按照业主(委托方)主体差异,分为政府投资项目代建和商业项目代建。
政府项目代建
指政府通过招标的方式,选择社会专业化的项目管理单位(以下简称代建人),负责项目的投资管理和建设组织实施工作,项目建成后交付业主(使用单位)的制度。
商业项目代建
指委托单位提供土地并承担全部或主要的投资,代建单位承担项目的开发建设、全过程管理任务,并通过收取代建费用等方式获益。
根据定义,代建模式结构如下:

其结构与委托合同、传统的建设工程承发包模式相似,但又存在区别,如下:

各法院对委托代建合同性质、规则的不同的理解与适用,直接导致关于工程款支付主体裁判规则的不同。由于法律层面上并未对“代建制”予以专门规制,导致司法实践中与委托代建相关的实务问题的认定不一。
本文通过浅析委托代建项目的工程款支付主体的归属,并展开论述。
01、代建工程款支付主体业主(使用人)
案例:新疆维吾尔自治区高级人民法院(2022)新民申1176号再审裁定书
业主:国能新疆公司
代建人:龙润公司
承建人:永隆公司
法院认为:第一,根据装修合同约定,国能新疆公司系合同相对方和发包人,亦是合同项下工程的所有权人,履行付款责任是其应当承担的合同义务。
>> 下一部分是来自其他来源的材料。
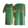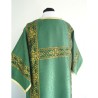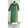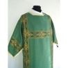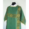 Dalmática gótica decorada com fitas. Tecido Adamascado.

三方在该合同中约定由龙润公司向永隆公司支付工程款的内容仅为工程款的支付方式,并不能免除国能新疆公司的付款责任。第二,国能新疆公司与龙润公司之间存在的委托代建合同仅能约束该合同相对方,并不能对该合同之外的其他主体产生约束力,国能新疆公司以其与龙润公司之间的委托代建合同主张免除其向永隆公司的付款义务缺乏合同依据。第三,《中华人民共和国合同法》第四百零三条《中华人民共和国民法典》第九百二十六条规定,受托人以自己的名义与第三人订立合同,且第三人不知道受托人与委托人之间的代理关系,当受托人因委托人的原因对第三人不履行义务时,在受托人披露委托人后,第三人可选择要求委托人代履行合同债务,也可选择要求受托人履行合同债务。而本案中,国能新疆公司与龙润公司共同与永隆公司订立案涉装修合同,永隆公司明知国能新疆公司与龙润公司之间的委托代建关系,故本案不能适用上述隐名代理的法律规定。国能新疆公司以上述法律规定要求永隆公司只能向一方主体主张权利的再审申请理由与本案客观事实不符。综上,国能新疆公司主张不应向永隆公司支付工程款的再审申请理由,本院不予支持。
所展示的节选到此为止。